Consider the polynomial ring $\mathbb{F}[x_{1},...,x_{n}]$ in $n$ variables and let $I \subset \mathbb{F}[x_{1},...,x_{n}]$ be an ideal. We call $I$ graded if we can decompose it into it's homogeneous components, i.e.
$$ I = \bigoplus\limits_{i \geq 0}(I \cap R_{i}), $$ where $R_{i} = \text{span}\{x^{a} : a \in \mathbb{N}^{n}, \sum_{j=1}^{n}a_{j} = i\}$, i.e. $R_{i}$ is the set of all homogeneous polynomials of degree $i$.
Now in a book it says that $I$ is graded if and only if $I$ is generated by homogeneous elements. There was no proof. Anyone can help? For the if part we can consider $\bigcup_{i\geq 0}(I\cap R_{i})$ as generating set of homogeneous elements for $I$. But now $\mathbb{F}[x_{1},...,x_{n}]$ is a noetherian ring so every ideal is finitely generated. How can I found a finite generating set of homogeneous elements?
Let me answer the real question first:
Let $S \subseteq \mathbb{F}[x_1,\dots,x_n]$ be a set of homogeneous elements and $I$ the ideal generated by it.

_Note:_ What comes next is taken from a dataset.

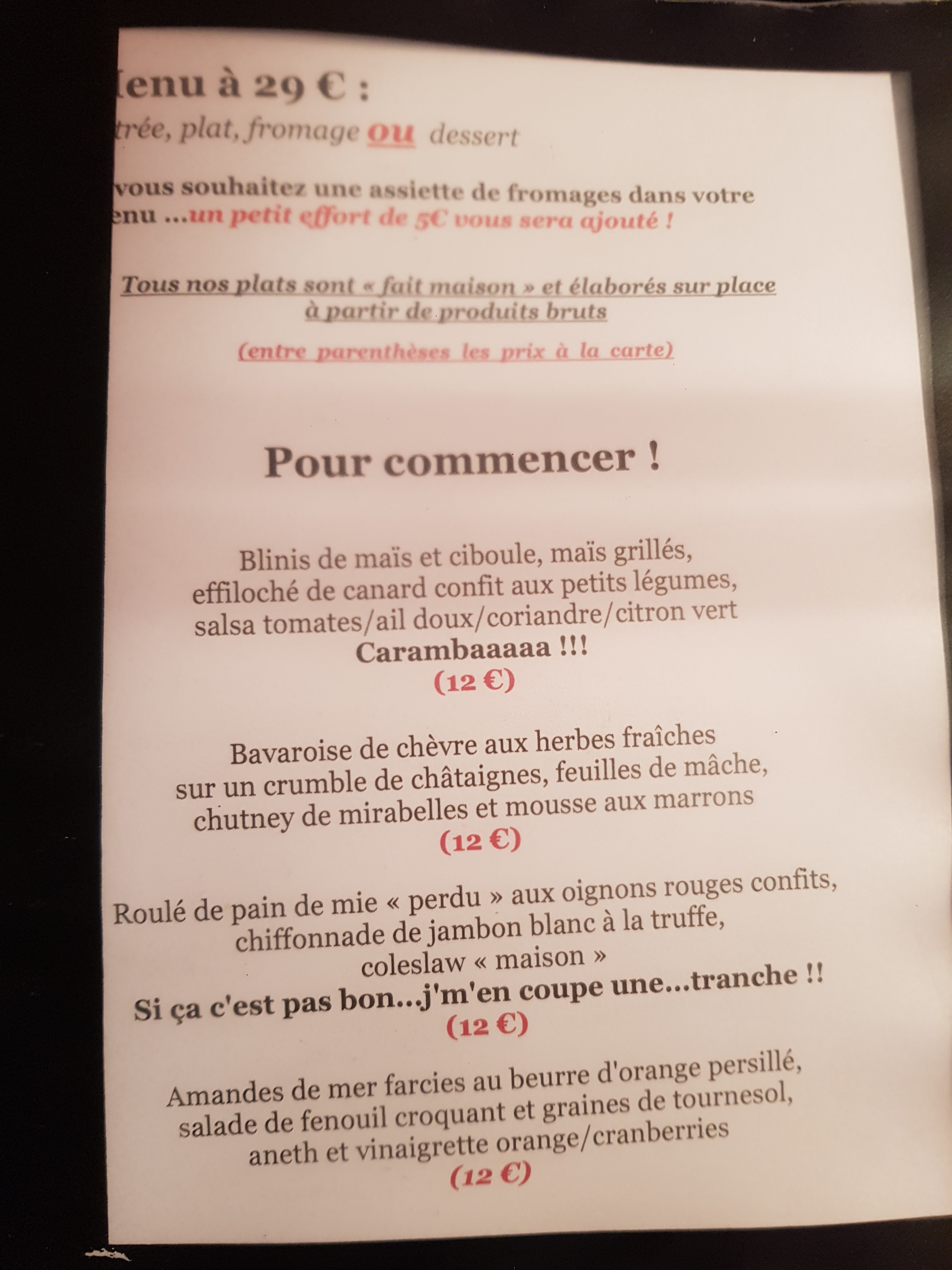 Accueil chaleureux et très professionnel Lieu cosy et intimiste Les entrées étaient délicieuses et originales Les plats bons ( viande un peu trop cuite - poulet et agneau ) Les desserts classique mais bon ( moelleux aux chocolats ) Le kir n’était pas bon du tout - je ne crois pas que c’était de la crème de cassis avec du bourgogne aligoté comme le veut la recette Malgré tout un bon moment mais un peu trop cher pour le résultat.

We want to show that $I$ is graded, that is, we have to show that $I = \bigoplus_{i \geq 0} (I \cap R_i)$. First of all, we have $I \cap R_i \subseteq I$ for all $i \geq 0$ and so $ \bigoplus_{i \geq 0} (I \cap R_i) \subseteq I$. Also, $ \bigoplus_{i \geq 0} (I \cap R_i)$ is an ideal containing $S$, thus $I \subseteq \bigoplus_{i \geq 0} (I \cap R_i)$ and putting things together, you you get that $I$ is graded.
Now, let me address the issue of being finitely generated:
Since $\Bbb F[x_1,\dots,x_n]$ is noetherian, the set of ideals generated by finite subsets of $S$ has a maximal element $J$ generated by some finite subset $S_0 \subseteq S$. If $J$ were not equal to $I$ then there would exist some $s \in S$ which is not in $J$ but then the ideal generated by $S_0 \cup \{s\}$ would be strictly larger than $J$ in contradiction to the maximality of $J$. Thus, $J = I$ and $I$ is generated by $S_0$, a finite set of homogeneous elements.